Отошел на страну далече! Какое скорбное представление для любящего сердца родительского! Что там будет с ним? Как он станет жить среди людей незнакомых, часто не благонамеренных, без собственной опытности, без стороннего руководства? Справедливое сожаление!

Чтобы жалеть не напрасно, от притчи обратимся к действительности. Прекраснейшее и отраднейшее из всех зрелищ нашего мира есть зрелище детства, и привлекательнейшее из творений Божиих на земле есть малое дитя, в котором так ясно отражается образ существ высшего Мира, наших чистейших и светлейших братьев и споспешников во спасение. Но еще прекраснее это зрелище представляется родителям и воспитателям. Они имеют случай, можно сказать, руками осязать эту ангелоподобную жизнь. Искренность, доброта, восприимчивость ко всему, ласка, доверчивость, преданность, чистота и непорочность ребенка — как всё это должно радовать и восхищать их дух, отвыкший от таких зрелищ среди греха и житейской суеты! Но где доброе зерно, там и плевелы. Такова греховная почва сердца нашего! Смотри, но не засматривайся на прекрасные качества ребенка, иначе сейчас же в прекрасном плоде заведется презренный червь.
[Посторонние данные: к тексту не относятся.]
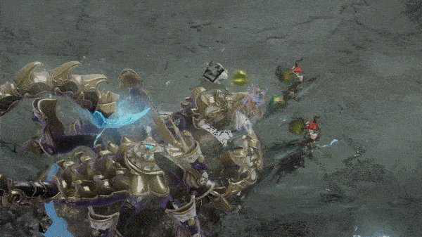 一二阶段中冒险家们需要及时走位或使用位移技能,躲避它的爪击、拍地、火焰波浪、沉默圈等技能。而在第三阶段中,则会面对它的核心机制:当“代达罗斯”吼叫后会召唤两个跟随目标的沙尘旋风并造成伤害,如果连续3次被击中,冒险家将会进入“石化”状态,此时冒险家可免疫所有来自“代达罗斯”的攻击,“石化”状态结束后冒险家将会获得30秒的“石化免疫”状态。
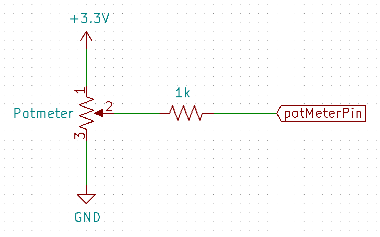- Sluit de buitenste pinnen van je potmeter aan op de + en - (respectievelijk 3.3V en GND). Zoek zelf uit of de polariteit een rol speelt
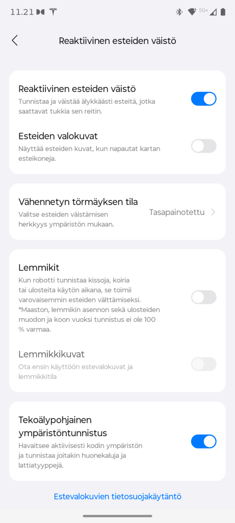 Roborock-sovellus on kattava ja toimii myös suomeksi
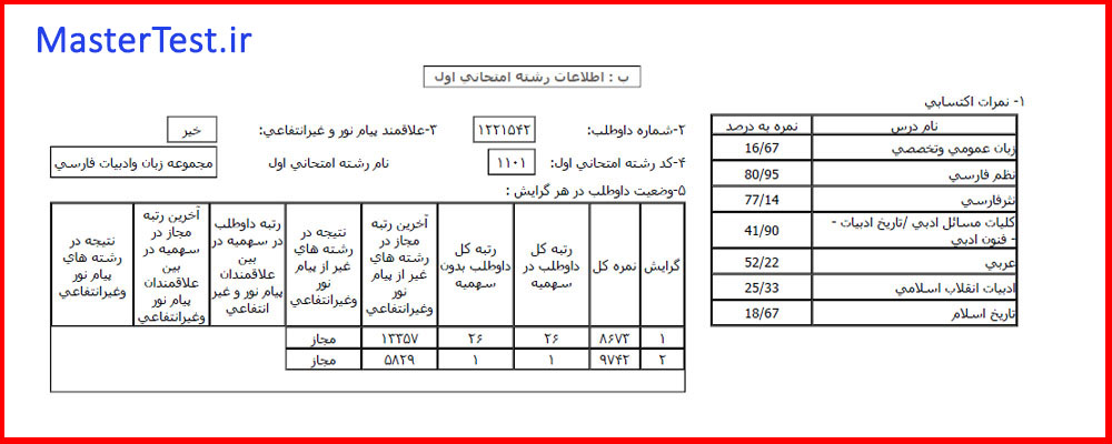 کارنامههای رتبههای برتر آزمون کارشناسی ارشد رشته زبان و ادبیات فارسی جهت اطلاع کاربران عزیز تقدیم میگردد:
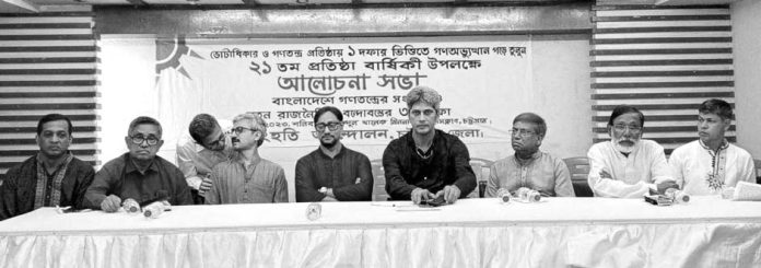 গণসংহতি আন্দোলনের ২১তম প্রতিষ্ঠাবার্ষিকী উপলক্ষে চট্টগ্রাম জেলা শাখা গতকাল শনিবার চট্টগ্রাম প্রেস ক্লাবে আলোচনা সভার আয়োজন করেছে। জেলা সমন্বয়কারী হাসান মারুফ রুমীর সভাপতিত্বে এতে প্রধান অতিথি ছিলেন গণসংহতি আন্দোলনের কেন্দ্রীয় প্রধান সমন্বয়কারী জোনায়েদ সাকি।
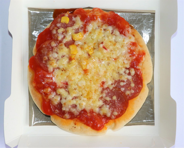 約13センチの生地にはトマトソースとチーズ、コーン、サラミなどオーソドックスなトッピング。ピザとピザパンの間のような、どこか懐かしい大人も子供も大好きな味わいです。おやつにピッタリですよ。
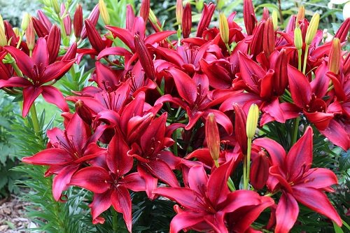 This eye-catching lily features upward-facing, dark red flowers with red stamens. The glossy petals have deep burgundy shades near the center with raised spots. This 2-3 feet tall plant produces a cluster of 4-5 flowers.
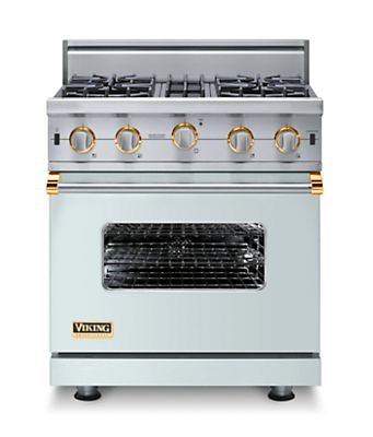 FeaturesSureSpark(TM) Ignition System From low to high, the exclusive SureSpark(TM) ignition system lights every time.VariSimmer(TM) The VariSimmer(TM) setting on Viking gas surface burners allows for precision control of ultra-low cooking temperatures.Removable Grates Cleanup is a snap thanks to easily removable burner grates, grate supports, burner bowls, drip trays, drip pans, burner caps, and knobs.Gourmet-Glo(TM) Infrared Broiler Lock in all the savory juices of even the thickest porterhouse with the intense heat of the restaurant-quality Gourmet-Glo(TM) infrared broiler. Intense heat from broiler sears meats and fish locking in juices. Viking VGIC5304BSEBR: 30" Custom Open Burner Range, Natural Gas, Brass Accent?
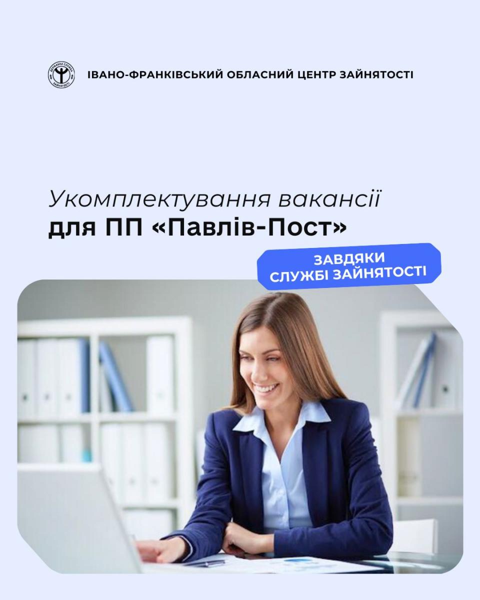 До Рожнятівського управління Калуської філії Івано-Франківського обласного центру зайнятості за допомогою у підборі працівника на посаду діловода звернувся представник ПП «Павлів-Пост».

Отцы и воспитатели. Лишь только вы заметите, что светлый взор ребенка вашего начинает тускнеть, примите все предосторожности против вражьего нападения — над вашим питомцем начинает веять тлетворное дыхание блудного сына. Вы никогда не узнаете, где, как, когда и откуда в чистое сердце запало первое семя зла (это тайна недоброго сеятеля и растлителя нашей богоподобной природы!), но если вы тщательно следите за нравственной жизнью своего питомца, вам немного нужно будет употребить труда и времени, чтобы заметить первый росток злого семени.

Всегда искавшее вас, стремившееся к вам и радовавшееся привету вашему дитя вдруг, например, стало избегать вашего взора, не отвечать на ваши ласки, молчать на ваши слова — без видимой на то причины… Сохрани вас Бог оставить это без внимания! Это значит, что ребенку вашему запала мысль о следующей ему части — о собственности… Доселе искренний, простой и откровенный, вдруг он солгал… Было бы достойно величайшего сожаления не заняться этим решительным шагом его на страшный путь отца лжи и человекоубийцы. Несчастный думает уже о дальней стороне — о себе самом! Прежде кроткий и тихий, сын ваш вдруг стал выказывать в себе черту строптивую, не к месту гневаться, без причины сетовать, обижаться, упорствовать и прочее. Можно бы подумать, что это следствие либо его раздражительного характера, начинающего раскрываться с годами, либо досадных обстоятельств… Нет, тут обыкновенно есть нечто большее. Сын ваш начинает быть недовольным тем, что дано ему Богом и вашим воспитанием: он решился уйти от вас на страну далече.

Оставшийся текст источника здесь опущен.